---
Hari berganti, tapi langkah lelaki itu belum juga menjauh dari jalan kecil itu. Ada sesuatu yang menahannya—bukan sekadar pemandangan kampung yang menenangkan, tapi bayangan seseorang yang kini mengisi pikirannya seperti alunan lagu lama yang tak pernah selesai dinyanyikan.
Ia kembali lewat depan rumah itu. Sekilas. Seolah hanya melintas. Tapi matanya tetap curi-curi pandang, mencari sosok yang entah muncul atau tidak.
Dan benar saja. Dari balik jendela, tirai itu bergerak. Tapi tak ada sapaan. Tak ada senyum seperti kemarin. Hanya bayangan. Hanya siluet samar yang muncul lalu menghilang, seperti menantang: "Kalau memang ingin tahu, datang dan tanyalah langsung."

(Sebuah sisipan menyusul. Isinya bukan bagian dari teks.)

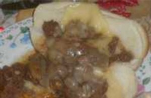 Philly cheese steak and root beer.
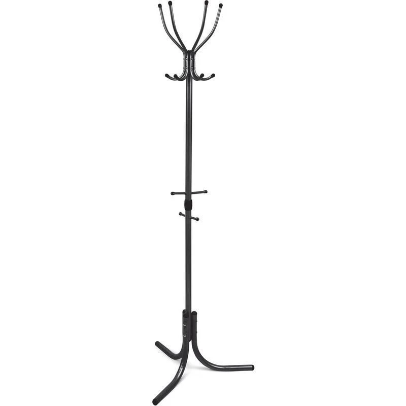 Напольная вешалка из металла предназначена для верхней одежды. Внизу предусмотрены крючки для сумок или зонтов.

Tapi lelaki itu diam. Ia memilih untuk menunggu. Karena ia tahu, beberapa cerita butuh waktu. Beberapa luka butuh keberanian untuk diungkap. Dan beberapa rindu… hanya bisa dinikmati dari kejauhan.
Malamnya, ia kembali menerima pesan.
“Kamu masih di sini?”
Ia menatap layar ponsel cukup lama, lalu mengetik balasan.
“Masih. Tapi rasanya aku bukan satu-satunya yang menunggu.”
Pesannya terbaca. Tapi tak dibalas. Hanya tanda online yang muncul… lalu menghilang.
Dan malam itu, ia tahu: jarak mereka bukan soal langkah kaki. Tapi soal waktu. Soal keberanian. Soal rasa yang belum siap diucapkan.
Tapi justru karena itulah… segalanya terasa lebih hidup.
---
Beberapa hari berlalu. Tanpa sapaan. Tanpa pesan. Tapi setiap pagi, lelaki itu masih lewat jalan yang sama, langkahnya pelan, seolah tak ingin terlalu cepat sampai, seolah ingin memberi waktu untuk semesta menyusun pertemuan berikutnya.
Rumah itu tetap sunyi. Jendela tetap tertutup rapat, seperti sedang menyimpan sesuatu yang belum waktunya dibuka. Tapi di hati lelaki itu, ada keyakinan yang pelan-pelan tumbuh: bahwa diam pun bisa jadi bentuk komunikasi. Bahwa kadang, kehadiran tak perlu suara.
Di malam kelima, hujan turun lagi. Rintiknya pelan, seperti bisikan. Dan lagi-lagi, ia duduk di teras rumah ibunya, menatap langit yang basah, ditemani secangkir kopi dan pikirannya yang kembali padanya—gadis itu.
Ponselnya diam. Tapi detak jantungnya tidak.
Ia menuliskan pesan, lalu menghapusnya. Menulis lagi, lalu diam. Hingga akhirnya ia hanya mengetik satu kalimat:
“Kalau kamu sedang menahan sesuatu, aku di sini. Tak akan mendesak, hanya menemani.”
Dikirim.
Dibaca.
Tapi lagi-lagi, tak dibalas.
Tapi anehnya… malam itu terasa lebih hangat dari biasanya.
Dan lelaki itu tahu, meski tak ada kata, sesuatu sedang bergerak perlahan di balik tirai, di balik hati yang dulu sempat tertutup.